- [Task objective]: All of the data is to be printed exactly, though the images must be left off.

- [Information given]:
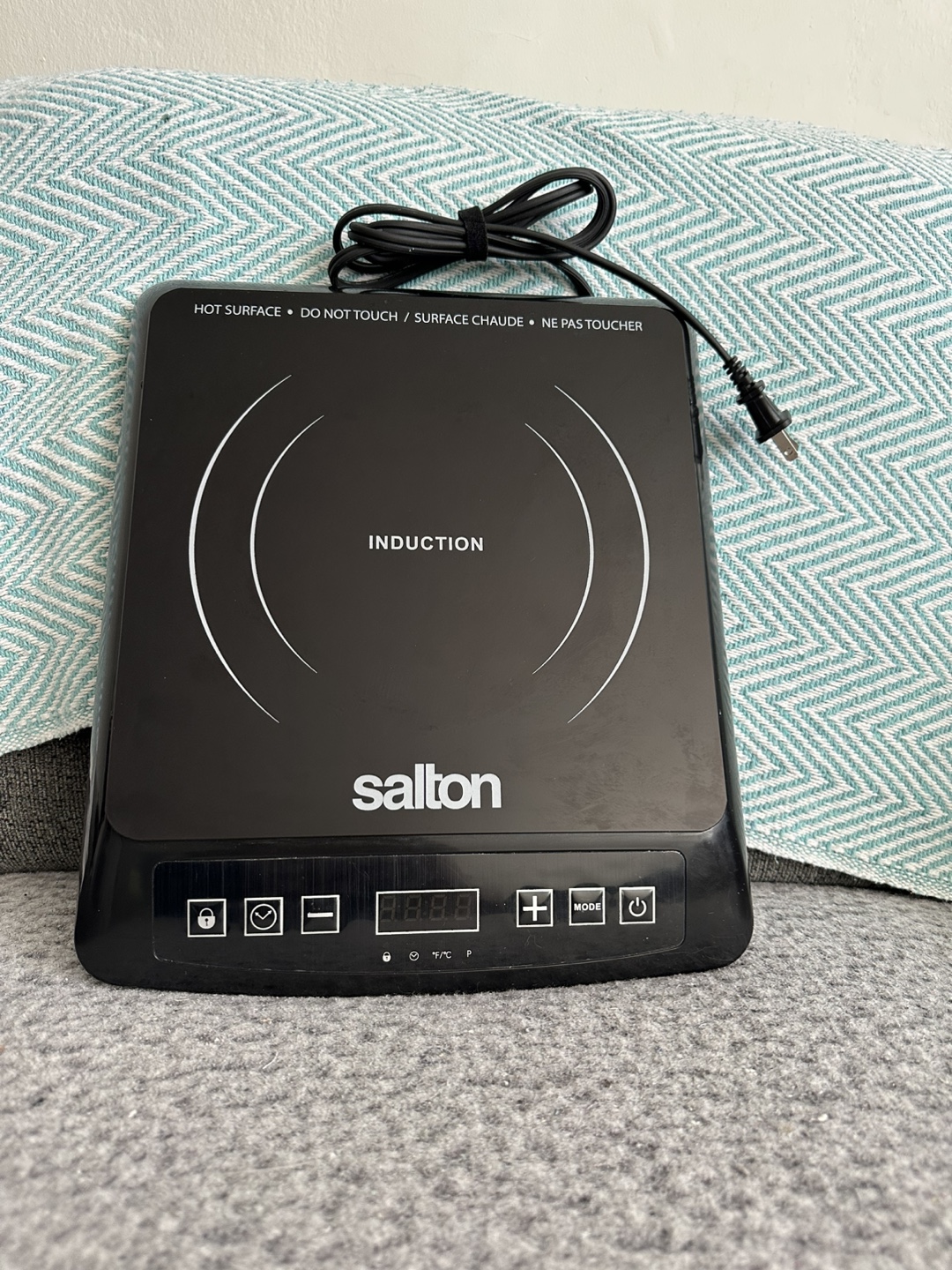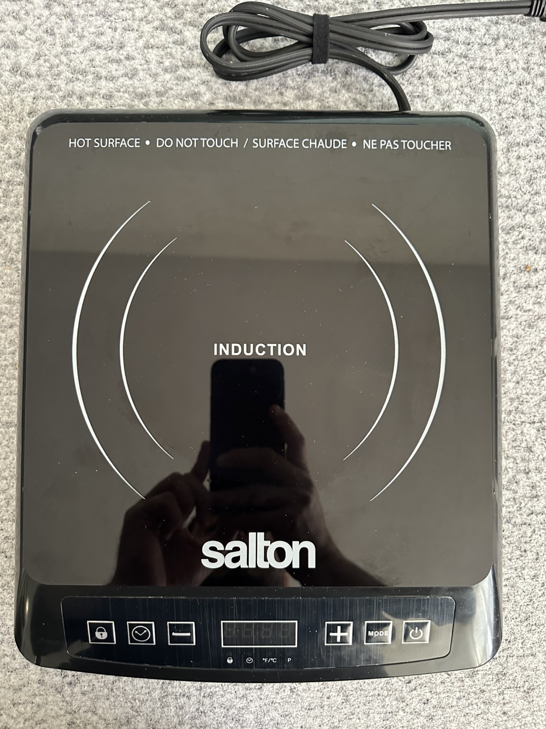 Single burner induction cooktop. Black colour. Features digital controls, timer function, temperature settings in Celsius and Fahrenheit. Power cord included.
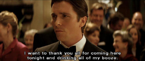 I want to thank you all for coming here tonight and drinking all of my booze.
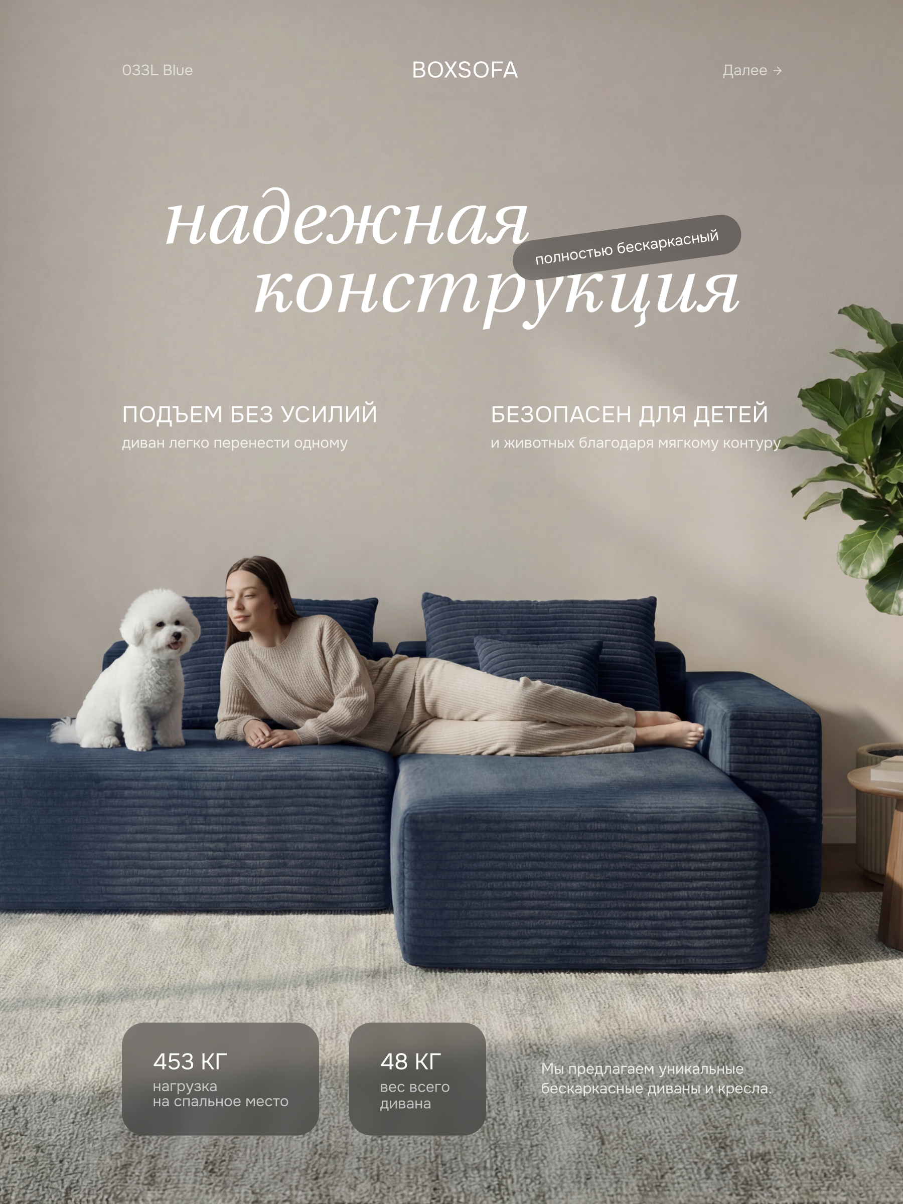 • Бескаркасный диван – идеальная анатомия покоя: бескаркасный диван из 3D-пенополиуретана повторяет контуры вашего тела, обеспечивая индивидуальную поддержку позвоночника. Он исключает точки давления, которые создают жесткие конструкции, гарантируя глубокое расслабление каждой мышцы.
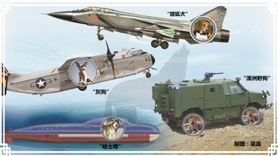 現(xiàn)代戰(zhàn)爭中,偵察通信、巡邏警衛(wèi)、搜救排爆等軍犬的傳統(tǒng)優(yōu)勢領(lǐng)域漸漸被高科技的信息化裝備所替代。不過,為了表達(dá)人類對狗的喜愛和依賴,很多武器裝備仍用“狗”或“犬”等字眼來命名。它們上天入地下海,各顯神通,爭雄斗勝,身懷絕技,發(fā)展出兵器家族中的一股“生猛”力量。
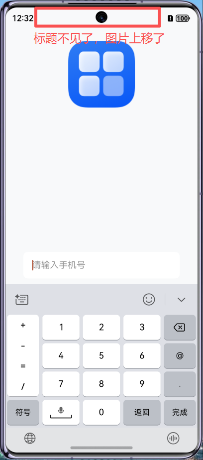 页面分为三个部分,顶部固定标题,中间是logo图标,底部是输入框。用户点击底部输入框时,页面弹出软键盘,顶部固定标题没有固定住,整体往上移动。
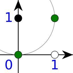 Keywords: Hamming sphere on plane for 01.svg en Hamming sphere on plane for point 0 1 and radius 1 own Vlsergey 2011-02-16 Cc-zero Coding theory
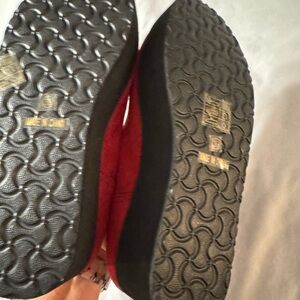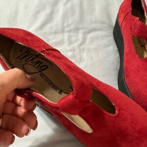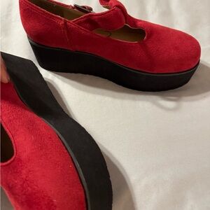 Chic red suede footbed Mary Jane platforms. Buckle strap for secure fit.
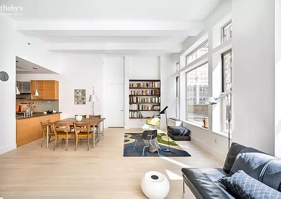 With alluring architectural dimensions and a bespoke Scandinavian aesthetic, this coveted loft-like designer home features approx. 1,375 sq. ft. and stunning oversized windows that flood the space in natural light. Offering soaring 12 ft. beamed ceilings, Apt. 2A includes two bedrooms, two baths, and a home office that can easily be converted into a third bedroom. Additional features of this radiant space include wide plank light oak wood flooring, creamy white walls, natural wood accents, and southern exposures from the east, west, and south. Upon entering, an elegant entrance gallery leads to a 40 ft. great room offering an open kitchen, living, and dining area. The chef's kitchen boasts stainless steel appliances, oak veneer cabinetry, stone countertops, and a glass mosaic tile backsplash. The open living and dining area boast a wall of windows with picturesque views of the New York City architecture, serving as a perfect backdrop for the minimalist, pin-drop quiet space. The master bedroom comfortably fits a king-sized bed and boasts an ensuite master bath with a spacious rain shower, dual floating vanity, beautiful glass tile, and a Toto toilet. The second bedroom includes a closet and comfortably fits a queen-sized bed. The home office, which can easily be converted into a third bedroom, also offers ample space for a queen-sized bed. A second full-sized bathroom is adjacent to the home office and includes a soaking tub, glass tile, floating vanity, and a Toto toilet. Additional features of this stunning space include a new A/C system, new Bosch washer/dryer, and separate building storage that conveys with the unit. Located in a loft-like boutique condo building, 49 East 21st Street is a pet-friendly building that allows pied-a-terres and features a full-time doorman, superintendent, newly renovated hallways, and roof deck. Ideally located in the coveted Flatiron District, this residence is in close proximity to Madison Square Park, several convenient transportation options, and the best restaurants, shopping, and entertainment the city has to offer.

- [Expected output]:
 Single burner induction cooktop. Black colour. Features digital controls, timer function, temperature settings in Celsius and Fahrenheit. Power cord included.
 I want to thank you all for coming here tonight and drinking all of my booze.
 • Бескаркасный диван – идеальная анатомия покоя: бескаркасный диван из 3D-пенополиуретана повторяет контуры вашего тела, обеспечивая индивидуальную поддержку позвоночника. Он исключает точки давления, которые создают жесткие конструкции, гарантируя глубокое расслабление каждой мышцы.
 現(xiàn)代戰(zhàn)爭中,偵察通信、巡邏警衛(wèi)、搜救排爆等軍犬的傳統(tǒng)優(yōu)勢領(lǐng)域漸漸被高科技的信息化裝備所替代。不過,為了表達(dá)人類對狗的喜愛和依賴,很多武器裝備仍用“狗”或“犬”等字眼來命名。它們上天入地下海,各顯神通,爭雄斗勝,身懷絕技,發(fā)展出兵器家族中的一股“生猛”力量。
 页面分为三个部分,顶部固定标题,中间是logo图标,底部是输入框。用户点击底部输入框时,页面弹出软键盘,顶部固定标题没有固定住,整体往上移动。
 Keywords: Hamming sphere on plane for 01.svg en Hamming sphere on plane for point 0 1 and radius 1 own Vlsergey 2011-02-16 Cc-zero Coding theory
 Chic red suede footbed Mary Jane platforms. Buckle strap for secure fit.
 With alluring architectural dimensions and a bespoke Scandinavian aesthetic, this coveted loft-like designer home features approx. 1,375 sq. ft. and stunning oversized windows that flood the space in natural light. Offering soaring 12 ft. beamed ceilings, Apt. 2A includes two bedrooms, two baths, and a home office that can easily be converted into a third bedroom. Additional features of this radiant space include wide plank light oak wood flooring, creamy white walls, natural wood accents, and southern exposures from the east, west, and south. Upon entering, an elegant entrance gallery leads to a 40 ft. great room offering an open kitchen, living, and dining area. The chef's kitchen boasts stainless steel appliances, oak veneer cabinetry, stone countertops, and a glass mosaic tile backsplash. The open living and dining area boast a wall of windows with picturesque views of the New York City architecture, serving as a perfect backdrop for the minimalist, pin-drop quiet space. The master bedroom comfortably fits a king-sized bed and boasts an ensuite master bath with a spacious rain shower, dual floating vanity, beautiful glass tile, and a Toto toilet. The second bedroom includes a closet and comfortably fits a queen-sized bed. The home office, which can easily be converted into a third bedroom, also offers ample space for a queen-sized bed. A second full-sized bathroom is adjacent to the home office and includes a soaking tub, glass tile, floating vanity, and a Toto toilet. Additional features of this stunning space include a new A/C system, new Bosch washer/dryer, and separate building storage that conveys with the unit. Located in a loft-like boutique condo building, 49 East 21st Street is a pet-friendly building that allows pied-a-terres and features a full-time doorman, superintendent, newly renovated hallways, and roof deck. Ideally located in the coveted Flatiron District, this residence is in close proximity to Madison Square Park, several convenient transportation options, and the best restaurants, shopping, and entertainment the city has to offer.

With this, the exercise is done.